• Data segment:
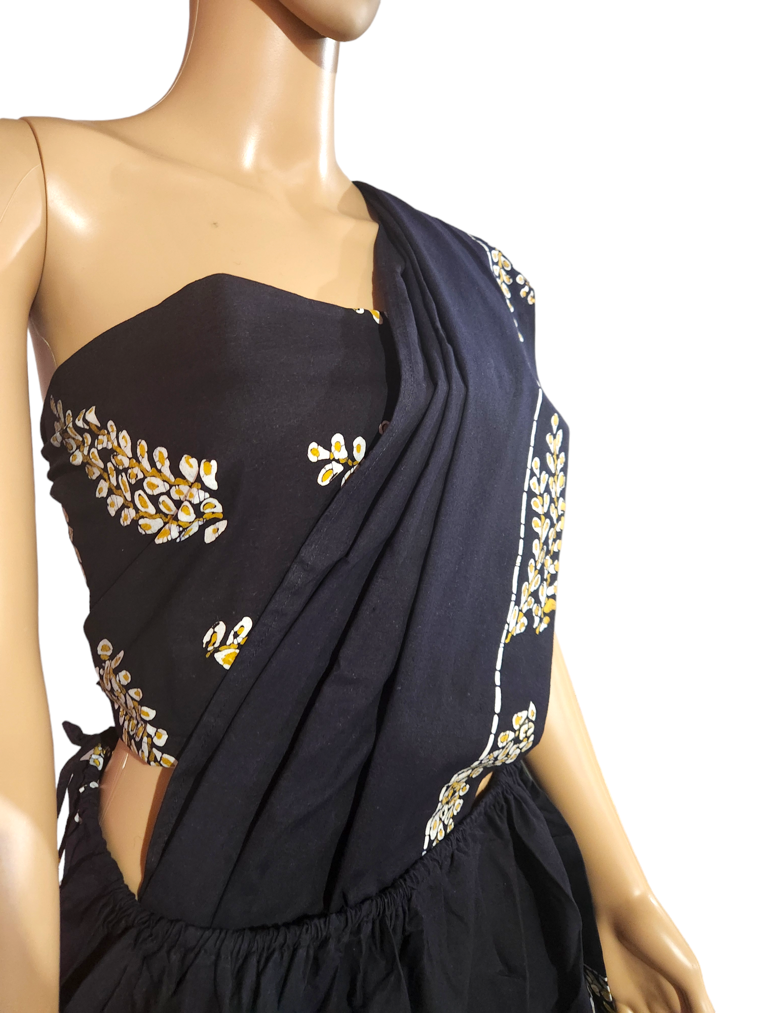 MU0004 Ceylon Batik|Black and yellow Punkalasa designed Kandyan Made-up| Cotton Kandyan Made-up Saree| Exclusive Designer Wear | Kandyan Made-up
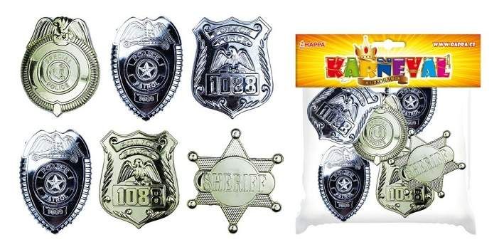 Sada policejních odznaků s 6 ks v sáčku. Perfektní doplněk k policejnímu kostýmu!
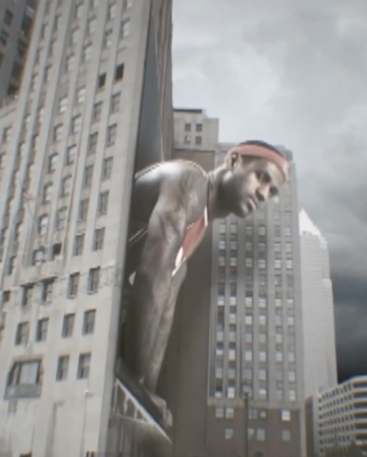 在这些精彩片段中,我们看到了曾经的传奇球员,如詹姆斯和瓦莱乔。影片里,詹姆斯从克利夫兰街头的一幢建筑里探出头,脚步稳健地走向前方,镜头特写了他右小腿上的“见证者(Witness)”纹身。而瓦莱乔则从队标中拔出了骑士的宝剑,展现出满满的力量感。

• Aim of the task:
Omitting the pictures, write out the material above exactly as it stands.

• Solution:
 MU0004 Ceylon Batik|Black and yellow Punkalasa designed Kandyan Made-up| Cotton Kandyan Made-up Saree| Exclusive Designer Wear | Kandyan Made-up
 Sada policejních odznaků s 6 ks v sáčku. Perfektní doplněk k policejnímu kostýmu!
 在这些精彩片段中,我们看到了曾经的传奇球员,如詹姆斯和瓦莱乔。影片里,詹姆斯从克利夫兰街头的一幢建筑里探出头,脚步稳健地走向前方,镜头特写了他右小腿上的“见证者(Witness)”纹身。而瓦莱乔则从队标中拔出了骑士的宝剑,展现出满满的力量感。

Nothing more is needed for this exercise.